PACCO SLIDE 5: LOCALIZZAZIONE INDUSTRIALE

 Alcune definizioni:
o Concentrazione geografica e regionale: quota della produzione prodotta da un
certo paese o regione.
o Localizzazione industriale: sfruttamento delle economie di agglomerazione.
o Conoscenza localizzata: poiché parte della conoscenza è tacita, “sticky” ed
“embedded”, le attività produttive ma anche innovative tendono a risiedere in
specifici luoghi (cioè nei sistemi produttivi locali come cluster o distretti).

 Il cluster
o Concetto: è un gruppo geografico di “prossimità” di aziende interconnesse e
istituzioni associate in un determinato campo, legate da elementi comuni, relazioni
ed esternalità.
o Caratteristiche:
 Una economia di agglomerazione delimitata geograficamente
 Fortemente specializzati (es. grazie a manodopera qualificata, competenze,
risorse, partner, servizi)
 Le relazioni all’interno del cluster possono essere verticali (tra clienti e
fornitori) od orizzontali (condivisione di tecnologia, canali distributivi, ecc.)

 Il distretto (DA INTEGRARE CON PARTE PRESENTE NEL II MODULO)

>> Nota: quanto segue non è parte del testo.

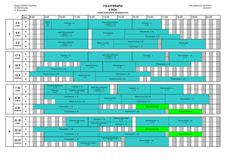 Wyższa Szkoła Fizjoterapii 50-038 Wrocław ul. Kościuszki 4 Rok akademicki 2014/2015 semestr 3 FIZJOTERAPIA II ROK studia licencjackie niestacjonarne Grupy 3X piątek 1 4X sobota 5X niedziela 17 X piątek 2 18 X sobota 19 X niedziela 7 XI piątek 3 8 XI sobota 9 XI niedziela 21 XI piątek 4 22 XI sobota 23 XI niedziela A B A 8:00 9:00 10:00 Spotkanie organizacyjne s.14 12:00 A Masaż leczniczy s. 13 Masaż leczniczy s.26 Masaż leczniczy s.26 A Elementy psychologii s. 18 Fizjologia s. 19 B Fizjologia s. 19 Elementy psychologii s. 18 A B A B A B A B A B 19:00 Fizykoterapia s. 11 Fizykoterapia s. 28 Fizjologia - w. s. 11 Biomechanika - ćw s. 11 Kinezyterapia s. 20 Kinezyterapia - w. s. 13 Fizykoterapia s. 28 Masaż leczniczy s. 13 B Masaż leczniczy s.26 J. angielski s. 18 J. niemiecki s. 19 A 18:00 Kinezyterapia s. 20 Język obcy zawodowy Fizjologia - ćw. s. 14 17:00 Fizykoterapia s. 28 Masaż leczniczy s. 11 J. angielski s. 18 J. niemiecki s. 19 16:00 Fizjologia - w. s. 14 Kinezyterapia s. 13 Język obcy zawodowy B 15:00 J. angielski s. 18 J. niemiecki s. 19 J. angielski s. 18 J. niemiecki s. 19 A 14:00 Język obcy zawodowy Język obcy zawodowy B B 13:00 Fizjologia - ćw. s.14 B A 11:00 Masaż leczniczy s. 26 Język obcy zawodowy Fizjologia - w. s. 14 J. angielski s. 18 J. niemiecki s. 19 Kinezyterapia s. 20 Biomechanika - w s. 14 Masaż leczniczy s.26 Masaż leczniczy s. 11 Masaż leczniczy s.26 Fizykoterapia s. 28 Fizykoterapia s. 11 Fizykoterapia s. 28 Fizykoterapia s. 28 Atletyka terenowa Kinezyterapia s. 20 Fizykoterapia s. 28 Elementy psychologii s. 18 Fizjologia s. 19 Elementy psychologii s. 18 Elementy psychologii s. 18 Fizjologia s. 19 Fizykoterapia s. 28 Atletyka terenowa Biomechanika - w s.14 Biomechanika - ćw s. 14 Atletyka terenowa Kinezyterapia s. 20 Fizykoterapia s. 28 Elementy psychologii s. 19 Kinezyterapia s. 20 Elementy psychologii s. 19 Atletyka terenowa Biomechanika - ćw. s. 12 20:00 Wyższa Szkoła Fizjoterapii 50-038 Wrocław ul. Kościuszki 4 Rok akademicki 2014/2015 semestr 3 FIZJOTERAPIA II ROK studia licencjackie niestacjonarne Grupy 5 XII piątek 5 6 XII sobota 7 XII niedziela 19 XII piątek 6 20 XII sobota 21 XII niedziela 16 I piątek 7 17 I sobota 18 I niedziela 30 I piątek 8 31 I sobota 1 II niedziela 8:00 9:00 10:00 A 11:00 12:00 Elementy psychologii s. 14 B A Masaż leczniczy s.26 14:00 B A Kinezyterapia s. 20 A Kinezyterapia s. 20 Fizykoterapia s. 28 Elementy psychologii s. 18 Fizjologia s. 19 Biomechanika - ćw. s. 14 Fizjologia s. 19 Fizykoterapia s. 28 Fizjologia - ćw. s. 11 Masaż leczniczy s.26 Elementy psychologii s. 18 A Atletyka terenowa Biomechanika - ćw. s. 11 Atletyka terenowa Elementy psychologii s. 18 B 20:00 Atletyka terenowa B A 19:00 Fizykoterapia s. 28 Fizykoterapia s. 28 B 18:00 Kinezyterapia s. 20 Masaż leczniczy s.26 Elementy psychologii s. 18 Elementy psychologii s. 18 17:00 Biomechanika - w s. 14 Masaż leczniczy s.26 A 16:00 Kinezyterapia - w. s. 11 kinezyterapia s. 20 B 15:00 Fizjologia -ćw. s. 14 Masaż leczniczy s. 11 B A 13:00 Elementy psychologii s. 18 Atletyka terenowa Masaż leczniczy s.26 Fizykoterapia s. 28 B Kinezyterapia s. 20 Masaż leczniczy s.26 A Kinezyterapia s. 20 Masaż leczniczy s.26 Masaż leczniczy s.26 B A Biomechanika - egzamin s. 14 B A Atletyka terenowa Elementy psychologii zaliczenie s. 14 B A Atletyka terenowa Fizykoterapia s. 28 Fizykoterapia s. 28 B 8:00 9:00 10:00 11:00 12:00 13:00 14:00 15:00 16:00 17:00 18:00 19:00 20:00 Wyższa Szkoła Fizjoterapii 50-038 Wrocław ul. Kościuszki 4 FIZJOTERAPIA II ROK studia licencjackie niestacjonarne zajęcia w WSF zajęcia w XVII Gimnazjum, ul. Śłężna 2 Rok akademicki 2014/2015 semestr 3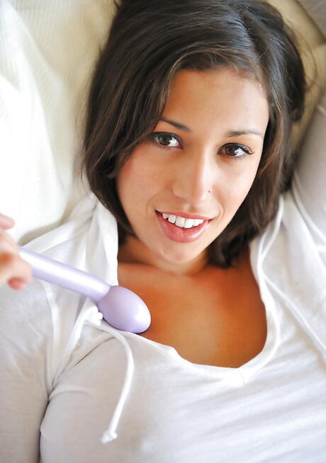 Charming brunette babe Isabela exhibiting big hooters and loving dildo

o Concetto: è un’entità socio-territoriale in cui la comunità supporta l’organizzazione
industriale; quindi, vi è un intreccio tra aspetti economici e sociali. Se si osservano le
foto dei distretti è possibile notare la vicinanza tra le industrie e le case e questo
conferma il passaggio dal concetto di “business network” al concetto di “community
network” ossia il passaggio da una prospettiva solo settoriale/industriale (di
business) ad una prospettiva anche comunitaria.
o Periodo storico: incaselliamo le imprese distrettuali in un periodo Post-Fordista: il
potere è decentrato; il lavoro totale viene diviso tra le varie imprese distrettuali, c’è
fiducia ma anche una sana competizione tra le imprese e infatti, il lavoro è spesso
organizzato attraverso scambi diretti, fiducia, relazioni.
o I suoi vantaggi
 Grazie alla forte divisione del lavoro dovuta alla presenza di molte PMI e alla
modularizzazione e integrazione flessibile della produzione, si riescono ad
ottenere economie di scopo e varietà (varietà che serve per soddisfare le
esigenze di tutta la domanda, infatti alcuni prodotti sono “on demand”)
 Presenza di molti specialisti ma non c’è un centro gerarchico
 Rete di specialisti connessi da relazioni personali e quindi creazione di
fiducia
 Ognuno può usare capitale, competenze, conoscenze degli altri
 Il distretto è un learning system (sistema di apprendimento)
 Tendenza all’efficienza collettiva
o I suoi elementi chiave
 Economia di prossimità
 Specializzazione manifatturiera
 Forte divisione del lavoro e dei rischi
 Alta concentrazione imprenditoriale
 Forte importanza dei legami di filiera
 Forte legame tra vita sociale ed economica
 Forte rilevanza degli aspetti comunitari e della vita sociale (modelli casa-
capannone e casa-bottega)
o I legami di filiera nel distretto:
 C’è una maggiore intensità delle interazioni rispetto alle aree non distrettuali
 Minor numero di passaggi necessari alle imprese per connettersi
o I capitali
 Sociale: le imprese usano molto le relazioni personali, locali e familiari
 Intellettuale: soprattutto “learning by doing" e sul “saper fare”
 Culturale: abilità e talento sono anche frutto di un background culturale
o In Italia
 una tipica impresa distrettuale italiana si basa su capitale famigliare, prestiti
personali e rapporti con banche.
 il valore aggiunto di un’impresa distrettuale italiana risiede nella rete di
conoscenze, nella qualità dei prodotti, nell’esperienza offerta ai clienti e
all’offerta di personalizzazione (per le nicchie e per l’on demand.
 in Italia oggi abbiamo circa 150 distretti che pesano tantissimo
nell’economia. Alcuni esempi sono il distretto tessile di Prato e il distretto
Sport System di Montebelluna.
 I distretti industriali italiani hanno dimostrato molta capacità di adattamento
e di resilienza a trend negativi e crisi (finanziaria e pandemica):
 durante la crisi finanziaria le imprese distrettuali hanno “perso
meno” rispetto alle altre imprese, anche se è vero che “crescevano
meno”;
 nel 2021, post pandemia 2020, i fatturati si erano già ripresi
 Conclusione: i distretti evolvono e cambiano anche nella composizione. ci
possono essere problemi di espansione (internazionalizzazione) e problemi
sociali (i vecchi imprenditori che non vogliono lasciare ai figli).